1Université de Lyon, Laboratoire Joliot-Curie, Centre National de la Recherche Scientifique (CNRS)/Ecole Normale Supérieure de Lyon, 69007 Lyon, France
2Laboratoire de Physique, Centre National de la Recherche Scientifique (CNRS)/Ecole Normale Supérieure de Lyon, 69007 Lyon, France
3Laboratoire de Biologie Moléculaire de la Cellule, Centre National de la Recherche Scientifique (CNRS)/Ecole Normale Supérieure de Lyon, 69007 Lyon, France

Received 15 August 2010; Accepted 17 December 2010

Academic Editor: Anita H. Corbett

Copyright © 2011 Xavier Gaume et al. This is an open access article distributed under the Creative Commons Attribution License, which permits unrestricted use, distribution, and reproduction in any medium, provided the original work is properly cited.

Abstract

Nucleolin is a major nucleolar protein involved in various aspects of ribosome biogenesis such as regulation of polymerase I transcription, pre-RNA maturation, and ribosome assembly. Nucleolin is also present in the nucleoplasm suggesting that its functions are not restricted to nucleoli. Nucleolin possesses, in vitro, chromatin co-remodeler and histone chaperone activities which could explain numerous functions of nucleolin related to the regulation of gene expression.
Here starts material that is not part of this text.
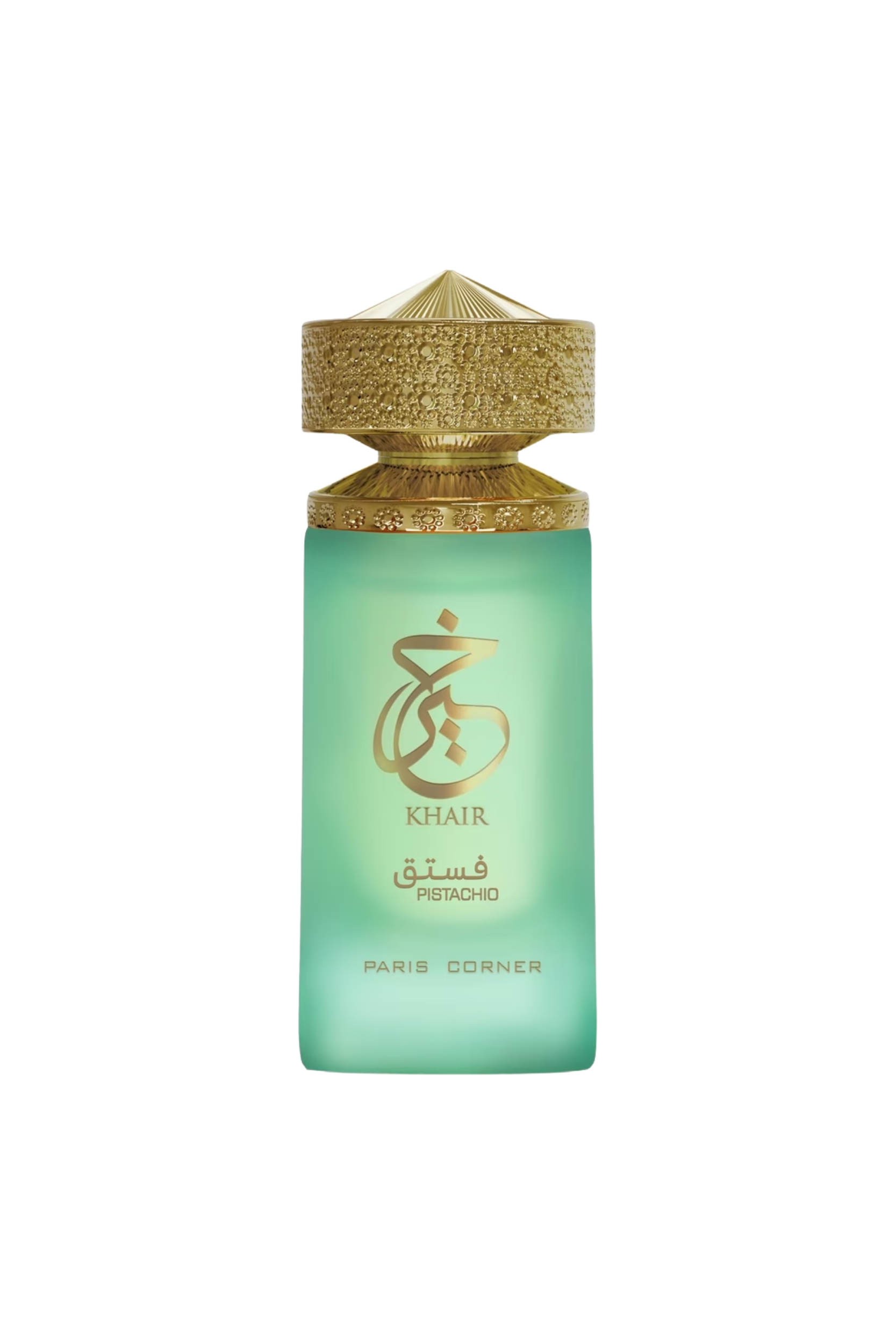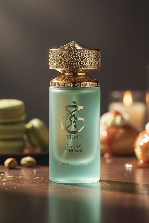 Paris Corner Khair Pistachio Eau de Parfum – a rich unisex gourmand fragrance, opening with creamy pistachio, ice cream, and warm spices, evolving into fruity florals, and finishing with whipped cream, marshmallow, and soft woods.

The goal of this report was to investigate the consequences of nucleolin depletion on the dynamics of histones in live cells. Changes in histone dynamics occurring in nucleolin silenced cells were measured by FRAP experiments on eGFP-tagged histones (H2B, H4, and macroH2A). We found that nuclear histone dynamics was impacted in nucleolin silenced cells; in particular we measured higher fluorescence recovery kinetics for macroH2A and H2B but not for H4. Interestingly, we showed that nucleolin depletion also impacted the dissociation constant rate of H2B and H4. Thus, in live cells, nucleolin could play a role in chromatin accessibility by its histone chaperone and co-remodeling activities.